■ WHAT TO DO:
Gather, from the listing beneath this task, every line holding the string "your".

■ RECORDS SHOWN:

- Opening Delimiter -

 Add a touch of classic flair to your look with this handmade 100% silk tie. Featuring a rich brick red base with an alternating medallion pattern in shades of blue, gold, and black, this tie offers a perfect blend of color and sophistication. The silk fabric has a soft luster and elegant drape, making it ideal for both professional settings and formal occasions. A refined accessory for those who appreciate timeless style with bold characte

- Closing Delimiter -
- Opening Delimiter -

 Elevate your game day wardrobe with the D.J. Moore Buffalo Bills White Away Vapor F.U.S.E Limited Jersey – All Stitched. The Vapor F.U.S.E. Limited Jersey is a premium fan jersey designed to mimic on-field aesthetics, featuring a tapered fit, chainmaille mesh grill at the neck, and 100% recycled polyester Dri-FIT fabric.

- Closing Delimiter -
- Opening Delimiter -

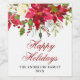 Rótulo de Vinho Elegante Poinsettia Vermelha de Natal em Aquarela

- Closing Delimiter -

■ ANSWER TO THE EXERCISE:
 Add a touch of classic flair to your look with this handmade 100% silk tie. Featuring a rich brick red base with an alternating medallion pattern in shades of blue, gold, and black, this tie offers a perfect blend of color and sophistication. The silk fabric has a soft luster and elegant drape, making it ideal for both professional settings and formal occasions. A refined accessory for those who appreciate timeless style with bold characte
 Elevate your game day wardrobe with the D.J. Moore Buffalo Bills White Away Vapor F.U.S.E Limited Jersey – All Stitched. The Vapor F.U.S.E. Limited Jersey is a premium fan jersey designed to mimic on-field aesthetics, featuring a tapered fit, chainmaille mesh grill at the neck, and 100% recycled polyester Dri-FIT fabric.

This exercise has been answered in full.